The EXO was certainly getting attention. As the boats got closer, and the armoured shape became more and more obvious to the onlookers, ripples of comment began to spread across the various groups, accompanied gesturing down to the shape of it. Particularly as the landing craft came to a halt and the EXO climbed out, sinking deep footprints into the shingle beneath, as it began to stride forward alongside the first batch of cargo. From there, the dings and repaired paintwork that had concerned Cesar earlier blurred with distance and novelty, and the suit gleamed in the dull sunlight.
Two pairs of eyes, in particular, were fixed on the machine as the disembarking party made its way up the cliff path. The watchers weren't in the main pockets of crowd, crouched instead in the cover of a half-collapsed pillbox further along the cliff. It was tricky to get to, teetering as it was against its own crumbling supports, but the view there was good and neither had ever borne much concern for precarious positioning.

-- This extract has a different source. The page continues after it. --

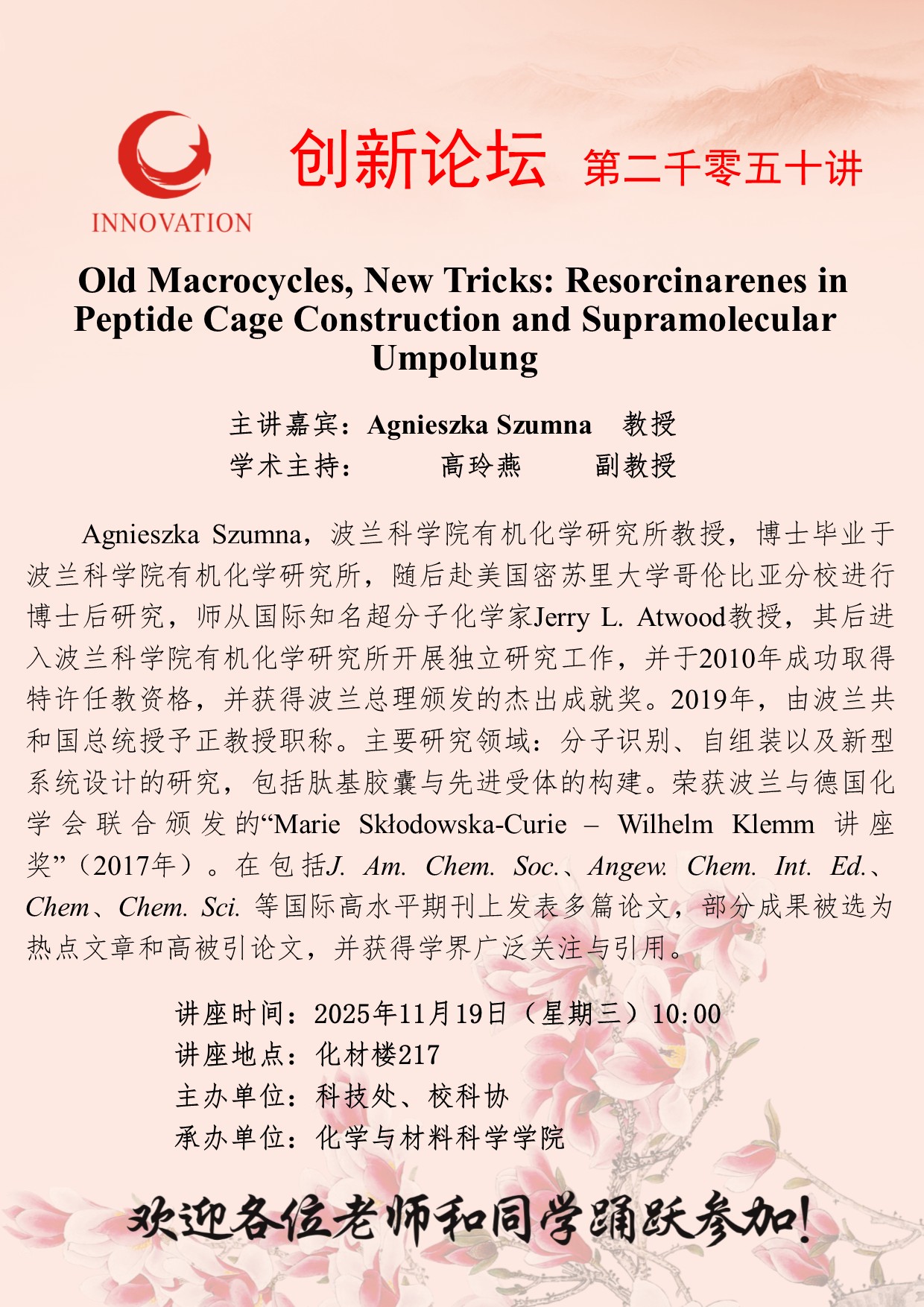 Agnieszka Szumna 教授 米兰买球创新论坛第二千零五十讲:Old Macrocycles, New Tricks: Resorcinarenes in Peptide Cage Construction and Supramolecular Umpolung 讲座时间 2025年11月19日(星期三)10:00 讲座地点 化材楼217 讲座人介绍 Agnieszka Szumna 教授 讲座内容

Both gazes had initially widened, matched in surprise at the first sight, but the smaller of the two figures had already moved on to glaring; twin slices of blue-steel suspicion narrowed down above snubbed features, as their owner let out a low hiss.

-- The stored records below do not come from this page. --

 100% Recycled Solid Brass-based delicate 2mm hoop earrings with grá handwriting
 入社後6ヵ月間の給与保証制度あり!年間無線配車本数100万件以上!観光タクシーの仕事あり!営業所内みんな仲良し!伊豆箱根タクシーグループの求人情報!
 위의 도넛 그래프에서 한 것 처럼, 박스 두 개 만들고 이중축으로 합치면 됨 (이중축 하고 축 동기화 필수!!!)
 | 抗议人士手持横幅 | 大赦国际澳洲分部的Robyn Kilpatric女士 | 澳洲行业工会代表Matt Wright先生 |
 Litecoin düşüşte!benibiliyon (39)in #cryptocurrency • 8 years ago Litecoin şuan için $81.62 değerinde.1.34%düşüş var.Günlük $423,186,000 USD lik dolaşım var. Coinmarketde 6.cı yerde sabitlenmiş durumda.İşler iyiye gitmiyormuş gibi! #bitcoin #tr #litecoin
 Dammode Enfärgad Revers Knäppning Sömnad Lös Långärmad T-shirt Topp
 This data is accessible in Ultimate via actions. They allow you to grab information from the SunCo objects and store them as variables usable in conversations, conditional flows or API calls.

“... what the hell is that?" Kdub leaned further forward as she spoke, shielding her eyes a little more, but it didn't serve to improve the vision. She cursed under her breath – one of the low, guttural snarls the Shepherds used, punctuated by spit – and tried to make more sense of the shape stalking up the cliff path. It was mostly huge plates of shaped metal covered in painted Chains, extending the figure inside to ridiculous proportions – and unless her estimates were really off, from what she could see past the gaps, the pilot was pretty damn massive in the first place. If she concentrated, if she made the effort to pick apart the shape below them, it was possible to see it as just a figure in really weird, and very large, armour.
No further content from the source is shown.